Your lab and its equipment are naturally interesting to the students. They want to:

  • know what the goal of your research is
  • know how you use the equipment on a day-to-day level
  • see someone actually doing part of an experiment and get to ask them a question about what they're up touch or try out some piece of lab equipment or computer themselves.


 

 

1. Liz and Cynthia will send out a letter advertising Pathways to potential Poster/Demo presenters and Lab Tour leaders (all faculty, women graduate students and postdocs). They will give you the names and contact information for everyone who responds.

2. You need to sign up about 20-25 labs for each hour. Each lab should be willing to host two groups for 20 min. apiece during the hour; some labs will be happy to host 4 tours over 2 hours. The goal is to have no more than about 8 students in each tour group.

Who:

  • "anyone" from undergraduate researchers to faculty
  • men or women researchers. Our priority is to have as many women as possible, but men are certainly not excluded.
  • see the list from last year (ask Cynthia or Liz)
  • You! (one organizer must stay at the GSU to handle crises)

How:

  • phone calls and one-to-one contact works best
  • ask other Pathways volunteers to tap people in their departments who have interesting labs

3. As each person signs up, get her to fill out the standard Pathways volunteer registration form (available on the web site or from Cynthia). It is critical for Cynthia to know:

  • contact information including phone, e-mail, address
  • who will attend lunch
  • who can stay to be part of the hot topics discussions
  • the exact location and phone number of each lab

4. In talking to prospective lab tour leaders, emphasize that the students like to see equipment in action, or try out something for themselves. Share the ``tips for lab tour leaders'' with her (those above or your own version).

5. You also need to find undergraduates to escort tour groups from the GSU to the labs and back. Each escort handles only one tour group per day so the schedule isn't held up by a tour that returns late. As an incentive, we offer either a movie pass or a $5.00 coupon to Union Court for each escorted tour (yes, students can escort one tour each day and ear two passes or coupons).

Who:

  • Dean's Hosts from CAS and ENG
  • members of undergraduate science/engineering clubs like Women in Math, Photon, Chemia, SWE...
  • men or women

6. Obtain contact information for each escort. Share the "tips for lab escorts'' with them (those above or your own version).

7. A week before the event, hold a briefing for the escorts. This is your chance to remind them:

  • what time they should report
  • which labs each will be going to
  • to dress appropriately and refrain from smoking in the presence of the high-school students to sign up their movie or Union Court passes when they return their students to the GSU!

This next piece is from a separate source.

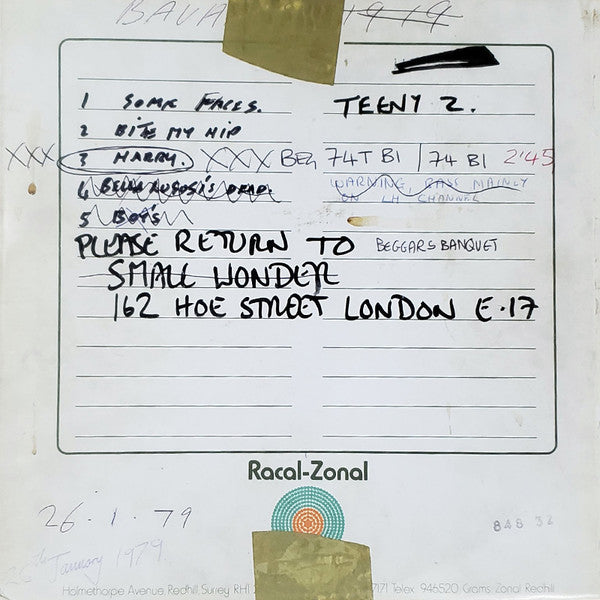 Includes 20" x 20" poster and colour printed inner sleeve. The Bela Session is the complete recording session including previously unreleased tracks.. Recorded 26 January, 1979, at Beck Studios, Gisburne Road, Wellingborough. This has been produced directly by the band with Leaving Records, in advance of the band’s Ruby (40th) anniversary. “Bela Lugosi’s Dead” was originally released by [l29961, 1979. “Harry” was originally released by [l2056, 1982. “Some Faces,” “Bite My Hip,” and “Boys (Original)” are previously unreleased. Some copies come with wrong "white vinyl" sticker (see last picture).

8. A week before the event, hold a briefing (perhaps by e-mail) for the lab tour leaders to confirm :

  • how many tours each is doing (and when)
  • directions to each lab (a map with locations highlighted might be a good idea)

9. On the day of the event, be on hand at registration to match students with their tours. Greet tour escorts as they arrive, make sure they know where to take their students, and give each the placard with the number of her tour.